I like this question of his:
1. How can American professors learn to write about literature in language that isn’t a crude, pseudo-technical insult to the text it’s supposedly explicating?Interesting: the structure and tone of Mallon's question shows us nearly exactly how not to answer his question -- to do the complete opposite of what he asks. He assumes that nothing of worth comes out of literary criticism these days (ever?), a "crude...insult," "pseudo-technical," and inferior to the text "it's supposedly explicating."
There's a lot to unpack here. If we take on Mallon's position, we have to answer how to completely overhaul an entire discipline with a strong and long (and alliterative) tradition that's been lost. Well, like having them students read Plato's "Republic," perhaps writers of literary criticism should read Matthew Arnold and Sam Coleridge essays, instead of Judy Butler's latest. That would be a start.
It is, in fact, Mallon's question that is crude. Literary criticism from English professors covers so many topics: poetics, history, philosophy, critical theory, cultural inquiry or "studies," sociology, psychology and the list goes on (architecture and "quadrilateralism"?). What literary criticism does well is to focus on specific language and its implications, something few other scholarly disciplines have taken the time to do. So: words have meaning which need explicating. Or: word, you got some 'splainin' to do. In sum, literary criticism's interests are as wide and varied as the creative, or "creative," texts which it explores/investigates/tortures/analyzes.

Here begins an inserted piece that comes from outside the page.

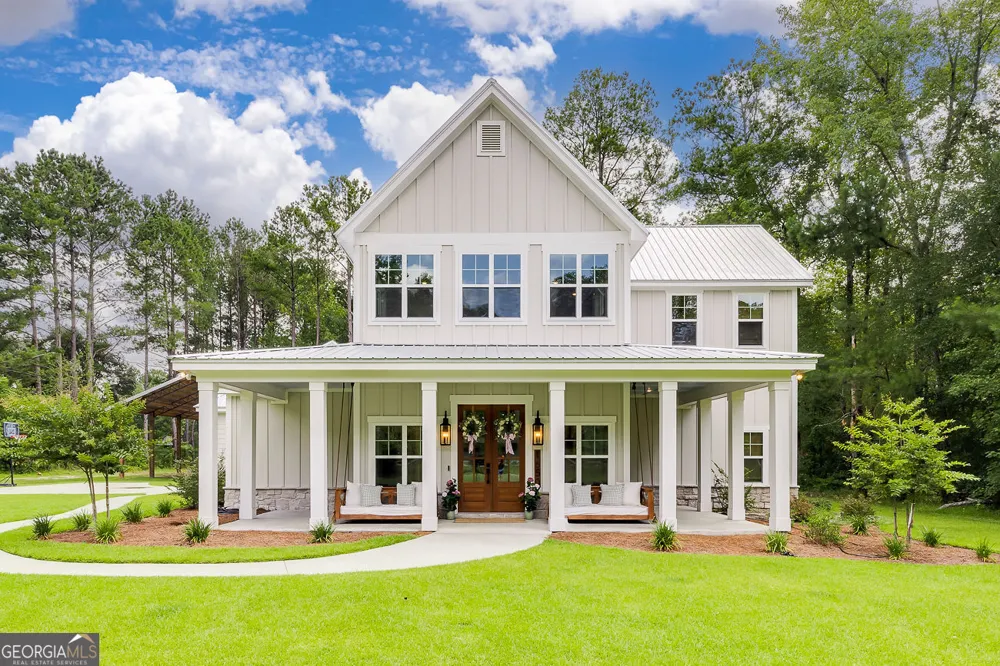 "A Honey Of A Farmhouse" - Like New Resale on 5 Acres in Effingham County! This exceptional custom-built home by Cypress Customs LLC is a rare opportunity to own a barely-lived-in modern farmhouse retreat, originally completed with meticulous attention to detail. Nestled on 5 private acres, this showstopping residence offers the perfect blend of upscale finishes and timeless character. Designed with an open-concept floor plan ideal for entertaining, the home features a dramatic two-story wood-burning fireplace with a stone surround, wood beams, and high-end LVP flooring throughout. The gourmet kitchen impresses with custom cabinetry, quartz countertops, a classic white Kohler farmhouse sink, and premium appliances. Craftsmanship shines through in the custom trim package, antique-style touches like a transom-topped laundry room door, and unique architectural elements reclaimed from the original early 1900s home once on the property. These include exposed antique beams, original interior doors, reclaimed brick accents in the powder room, and charming wall-mounted cast iron sinks. Modern conveniences like energy-efficient spray foam insulation pair seamlessly with rustic elegance. The result is a home that feels brand new but carries a sense of history and warmth that new construction simply can't replicate. Truly one-of-a-kind in Effingham County-this luxury farmhouse offers style, space, and serenity, just waiting for its next chapter. Schedule your private showing today-this gem won't last long!

Different academic journals of literary criticism have entirely different editorial specifics and styles. To couch them all together as worthless seems unhinged, uninformed, and hyperbolic. The assumption of a "pseudo-" (to use Mallon's term) monolithic Shitty Literary Criticism -- one's own shit don't smell! -- is the original mistake.

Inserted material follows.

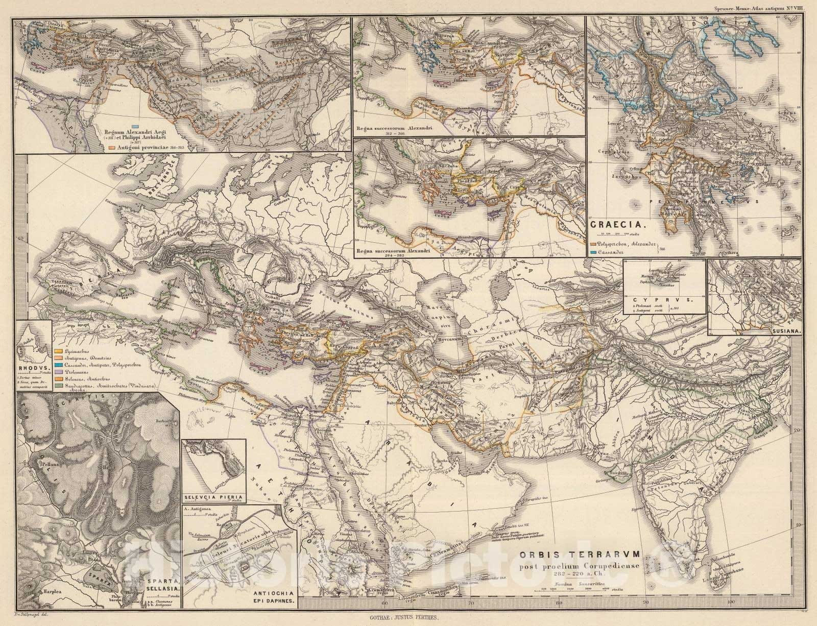 Historic Map : Greece; Syria, Mediterranean Region, Eastern Hemisphere 1865 Orbis terrarum post proelium Corupediense 282-220 a. Ch. , Vintage Wall Art

There are good articles; there are bad ones. I read ctheory.net; the prose is light, the content futuristic. I receive PMLA and reel back in horror at the superficial mix of "technical" language, cringe-inducing articles on new "global" texts (diversity-hires-as-articles, if you will), and writing seemingly unbound in its appetite for self-congratulation. Then I read an introductory sentence to a paragraph duller than a composition student's, or at least a three on a scale of ten for a graduate student in English:
Bagese shows the failure of the boundaries that have been imagined and mandated to separate human beings from all else; she reminds the reader of the fluidity of identity. (John Blair Gamber, "'Outcasts and Dreamers in the Cities': Urbanity and Pollution in Dead Voices", PMLA 122.1)Agreed, there's a lot wrong with LitCrit -- too many people writing articles just for the sake of writing articles. Guess what, that's how the discipline's economics have developed. At every level of society, little behaviors, etiquette, and style help people differentiate the good from the bad, so the collective can get better. There ain't no good with no bad.
If anything, comparing the entire set of literary criticism, all the good and the bad, to the entire set of fiction writing, Mallon's forte, shows us that literary criticism isn't doing so bad. Read Liz Fielding's The Best Man & The Bridesmaid (Harlequin, 2001) lately?
Mallon writes in his 2001 Afterword to his Stolen Words (originally published by Harvest 1989):
For students, especially, the Internet may sap the very need to create. It's all there already, or so it seems; all the knowledge on a given subject, and all the competing viewpoints...This quote, Mallon's own words, seems an appropriate response to his question to humanists:
How can American professors learn to write about literature in language that isn’t a crude, pseudo-technical insult to the text it’s supposedly explicating?Bear down and do good work -- that's the best answer I can give. Write like H Saussy and E Hayot. And quit being paranoid, profs: nobody really read LitCrit in the first place.